Interview zur Grothe-Monografie

Theresa Henkel (TH) sprach mit dem Vorstand der Franz Grothe-Stiftung, Dr. Jürgen Brandhorst (JB), über die neue Grothe-Monografie und über die Aufgaben und die Arbeit der Franz Grothe-Stiftung

TH: Warum hat sich die Franz Grothe-Stiftung für eine Monografie zu diesem Komponisten eingesetzt?

JB: Kurz gesagt: Weil es eine solche noch nicht gab. Zu unserem Stifter Franz Grothe, als einem der wichtigsten und einflussreichsten Schöpfer von populärer Musik im 20. Jahrhundert in Deutschland, lag – abgesehen von einem Werkverzeichnis – tatsächlich noch keine umfassendere und wissenschaftlich gestützte Lebens- und Werkbeschreibung vor. Diese Veröffentlichung erschien aus Sicht der Stiftung daher wichtig und war erwartungsgemäß aufwendig, denn der Komponist hat sich mit Selbstzeugnissen zu seiner Biografie sehr zurückgehalten. Die Gründe für diese Zurückhaltung sind möglicherweise eine Mischung aus persönlicher Bescheidenheit und dem Wunsch, über bestimmte Lebensabschnitte nicht öffentlich sprechen zu wollen.

Sie spielen damit auf seine Tätigkeiten in der Zeit des Nationalsozialismus an? Grothe war Mitglied der NSDAP, und er hatte u. a. als stellvertretender „Fachschaftsleiter Komponisten“ der Reichsmusikkammer eine besondere Stellung. Grothe wird daher immer wieder einmal in Feuilletons als „Nazikomponist“ dargestellt. Dies führte jüngst z. B. zu einer Diskussion im Stadtrat in Weiden i.d.OPf., die dortige Franz-Grothe-Musikschule umzubenennen oder aber in Bad Wiessee zu den Versuchen, den Komponisten für den rechtspopulistischen Bereich zu vereinnahmen.

Die Stiftung muss und will – so unser Selbstverständnis – eine führende Rolle übernehmen, wenn es darum geht, die Lebensgeschichte des Stifters insgesamt transparent aufzurollen und zu bewerten. Nur so ist eine sachliche und sachgerechte Einordnung der Person Grothes möglich. Auch sein musikalisches Schaffen zwischen 1933 und 1945 muss kritisch betrachtet werden, denn populäre Musik ist zumeist nicht unpolitisch. Die satzungsmäßig geforderte „Wahrung des Andenkens“ an den Stifter steht dazu – so unsere Auffassung – nicht im Widerspruch. Die nun veröffentlichte Biografie ist ein wichtiger Schritt in diese Richtung.

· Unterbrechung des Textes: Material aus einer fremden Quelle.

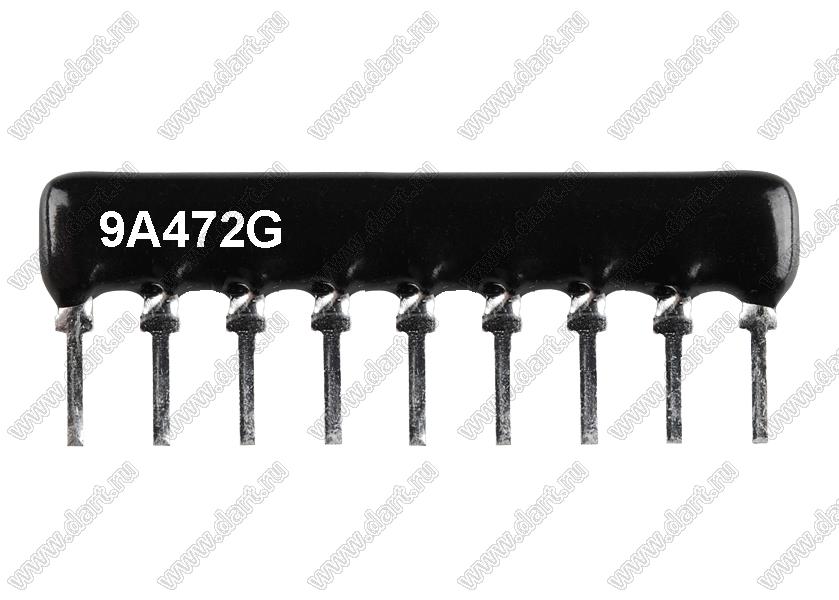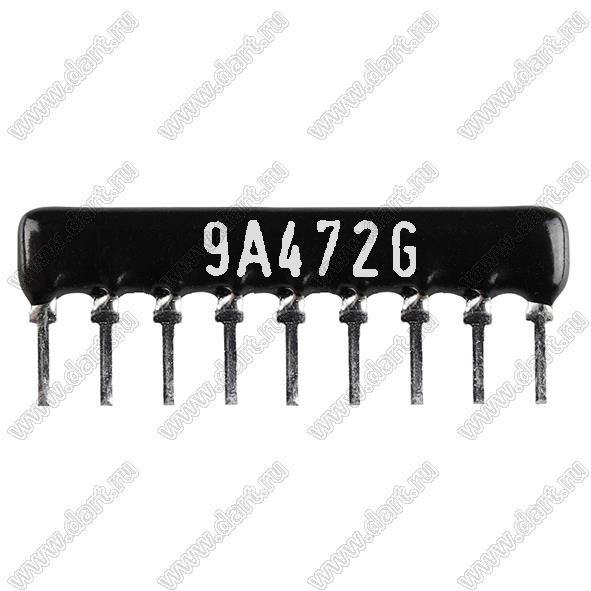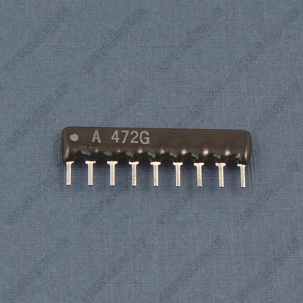 Каталог > Электронные компоненты, радиодетали > Резисторы > Резисторы постоянные > Резисторы DIP (выводные) > Резисторы SIP (сборки резисторные) > Тип A сборки резисторные > схема 9P8R > SIP 9P8R-A4K7 2% (9A472G)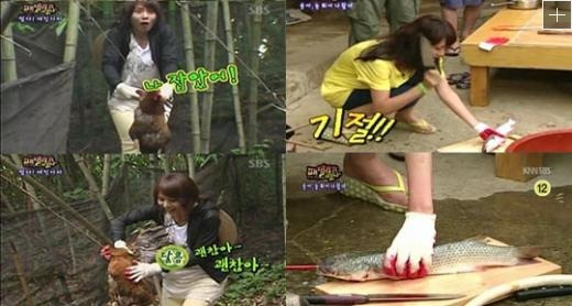 남자들도 도망가는 닭을 맨손으로 잡는가 하면, 웬만한 남자들도 하기 꺼려하는 물고기 손질(물고기를 칼로 쳐서 기절시키고, 배를 가르고, 내장을 맨손으로 따고)을 능수능란하게 해냅니다.

Das Ergebnis zeigt, dass Grothe offensichtlich von seinen Verpflichtungen durch die Nationalsozialisten profitiert und die Machthaber durch seine Tätigkeiten als Komponist und Funktionär unterstützt hat, aber nicht direkt politisch für die Diktatur aktiv war. Eine durchaus typische Haltung vieler Deutscher in jener Zeit, die letztlich zur Mitschuld an schlimmsten Verbrechen führte. Solche Lebensgeschichten sind somit auch Mahnung an uns, undemokratischen und menschenverachtenden Tendenzen stets entschlossen entgegenzutreten und persönliche politische Verantwortung zu übernehmen. Einer Vereinnahmung Grothes durch rechtspopulistische Strömungen hat sich die Stiftung selbstverständlich entschieden entgegengestellt. Dazu ist die Person Grothes, wie seine Biografie belegt, auch denkbar ungeeignet …

Welche Aufgaben stehen im Zentrum Ihrer Stiftungsarbeit?

Eine wesentliche Aufgabe ist es, das musikalische Werk Grothes lebendig zu halten. Er war seinerzeit in Deutschland – auch in der öffentlichen Wahrnehmung – immerhin einer der bekanntesten Musiker. Im Fernsehen werden Filme mit der Musik Grothes zwar gelegentlich wiederholt. Aber das Interesse des heutigen Publikums an populären Liedern des 20. Jahrhunderts ist derzeit auf einen kleineren Kreis von Liebhabern eingeschränkt – und wartet möglicherweise auf ein „Comeback“. Im Hörfunk findet solches Repertoire mittlerweile nahezu gar nicht statt. Dabei ist das sehr gute Musik, die es tatsächlich verdient, entdeckt, gespielt und gehört zu werden. Dafür setzt sich die Stiftung in Hinblick auf Grothe ein. Zudem unterstützt die Franz Grothe-Stiftung z. B. gezielt bedürftige Musikschüler und Studenten an ausge- wählten Ausbildungseinrichtungen.